Solution 1Solution 2Solution 3

Solution 1 Let $P(m,n)$ denote the assertion. We start with some easy observations.
  • $P(n,n)$ gives $f(n) \mid n^n$ which immediately implies $f(1)=1$.
  • $f(p)$ is a power of $p$ for all primes $p$.
  • Also as $\operatorname{rad}(f(n)) \mid \operatorname{rad}(n)$, we have $(m,n)=1$ means $(f(m),n)=(f(m),f(n))=1$.
Claim: If $p \mid f(p)$ for infinitely many $p$, then $f$ is identity.
Proof: By Fermat's Little theorem and $P(p,n)$ we have $p \mid n-f(n) \implies f(n)=n$. $\square$

Hence assume for all large $p$, we have $f(p)=1$. Now we only care about these large primes.

Claim: $f(n) \mid m^n-1$ for all $\gcd(m,n)=1$.
Proof: By Dirichlet's theorem choose a prime $p \equiv m \pmod {n^n}$ such that $\gcd(m,n)=1$. Then $P(n,p)$ gives $f(n) \mid p^n-1 \implies f(n) \equiv m^n-1$. $\square$

Claim: $f(2n+1)=1$.
Proof: Now this obviously gives us that $f(n) \mid (-1)^n-1$ and so $f(2n+1) \mid 2$. Also $f(2n+1) \mid 2^{2n+1}-1$ and hence $f(2n+1)=1$. $\square$

Claim: $f(2n)$ is a power of $2$. Say $f(2n)=2^{g(n)}$.
Proof: By $P(2n,2m+1)$ we have $f(2n) \mid (2m+1)^{2n}-1$ for all $m$ and $n$. Hence $\gcd(f(2n),2m+1)=1$ and so $\operatorname{rad}(f(2n)) \mid 2$. $\square$

Now finally we have \begin{align*} 2^{g(n)} \mid 3^{2n}-1 \overset{\text{LTE}}{\implies} g(n) \le \nu_2(n)+3 \implies & f(2n)=2^{g(n)} \le 4 \cdot 2^{\nu_2(2n)} \le 4(2n) \implies c \le 4 \end{align*}To show this is sharp just have say \[f(n)=\begin{cases} 1 \text{ if $n$ is odd} \\ 16 \text{ if $n=4$} \\ 2 \text{ otherwise} \end{cases}\].

Hence the answer is $\boxed{c=4}$
Solution 2 The answer is $\boxed{c=4}$. A construction is $f(n)=\begin{cases}1&n\equiv 1\pmod 2\\4&n\equiv 2\pmod 4\\16&n\equiv 0\pmod 4\end{cases}$ which works by casework on $a,b\pmod 4$.

Now we bound.

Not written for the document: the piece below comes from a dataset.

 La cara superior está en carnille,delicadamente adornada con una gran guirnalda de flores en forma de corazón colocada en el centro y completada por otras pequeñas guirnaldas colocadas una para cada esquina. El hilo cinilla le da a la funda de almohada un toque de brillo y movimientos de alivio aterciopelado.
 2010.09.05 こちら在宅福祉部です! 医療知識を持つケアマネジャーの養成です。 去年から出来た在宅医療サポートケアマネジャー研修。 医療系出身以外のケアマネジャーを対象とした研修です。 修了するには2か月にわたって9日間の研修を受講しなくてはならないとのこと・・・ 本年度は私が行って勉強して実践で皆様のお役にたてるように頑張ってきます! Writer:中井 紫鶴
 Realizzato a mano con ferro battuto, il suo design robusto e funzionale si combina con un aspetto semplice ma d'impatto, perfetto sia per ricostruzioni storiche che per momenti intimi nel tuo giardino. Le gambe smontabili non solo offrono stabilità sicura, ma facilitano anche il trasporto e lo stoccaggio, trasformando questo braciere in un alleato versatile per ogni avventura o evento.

The main claim is that for prime $p$, either $p$ does not divide anything in the image of $f$, or $f$ is the identity $\pmod p$. To show this, suppose $p\mid f(k)$ for some $k$. Then $P(k,b)$ implies $p\mid b\iff p\mid f(b)$. Thus $p\mid f(p)$. Notice that $P(p,p)$ gives $f(p)\mid p^p$, so notably this gives $f(p)\equiv 1\pmod{p-1}$. Thus $P(p,b)$ gives $p\mid b^p-f(b)^{f(p)}$, which is congruent to $b-f(b)\pmod p$ by Fermat's little theorem. Thus $f$ is the identity $\pmod p$, as desired.

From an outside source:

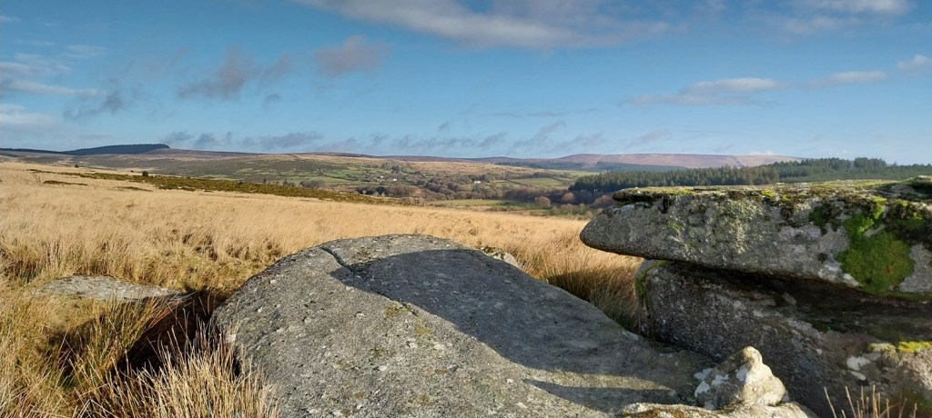 So our first walk of 2026 and we headed, as we normally do, to Dartmoor. We only wanted a short walk, nothing too challenging, but away from the crowds that may well still be out in the holiday period. The area around Arch Tor is normally very quiet, most will head into Bellever Forest when starting out around this area. As a result, Arch Tor, must be one of the least frequented of the named tors on an OS map, especially considering it is visible from the main B3212 and a short stroll away. We looked to park by the Higher Cherrybrook Bridge, but those spots were taken, instead we carried on towards Postbridge, to a handy layby located up the hill from the bridge. We booted up a walked 50 metres along the road to a gate on to the moor proper, crossing boggy land on a well made path had us at the short pull up to the tor. We probably made the tor in 20 minutes from the car. After a few photos in the cold wind we headed off towards Powdermills. I’ll admit I have never properly looked around this area, and today I was putting that right. We had lunch in the sunshine looking beyond one of the chimney stacks and with a view along the Cherrybrook valley, but we didn’t stay long as the wind was cold. We walked out along the path, passing the Powdermills cottages, bunkhouse, pottery shop and Dartcom weather station. Joining the B3212 we turned left and headed for the Higher Cherrybrook Bridge, crossing that and reaching the car with views towards Assycombe Hill and the passing hail and snow showers. A few hours later Dartmoor was covered in snow, but for us we got out before seeing any of it. A fantastic little walk to start the year, and one that could easily be extended into Bellever Forest or along the Lych Way to Longaford Tor

Next we claim that for an odd prime $q$ we have $f(q^n)\mid q^{n+1}$. To do this, from $f(q^n)\mid (q^n)^{q^n}$ we may set $f(q^n)=q^k$. Then we pick $b$ to be prime such that $b\equiv q+1\pmod{q^2}$, which exists by Dirichlet. Then $f(b)$ is a power of $b$, which are all $1\pmod q$. Now $P(q^n,b)$ gives $q^k\mid b^{q^n}-f(b)^{q^k}$. However we see $f(b)^{q^{k-1}}\equiv 1\pmod q^k$, so we have $q^k\mid b^{q^n}-1$. By LTE, we see $k\le\nu_q(b-1)+\nu_q(q^n)=1+n$, as desired.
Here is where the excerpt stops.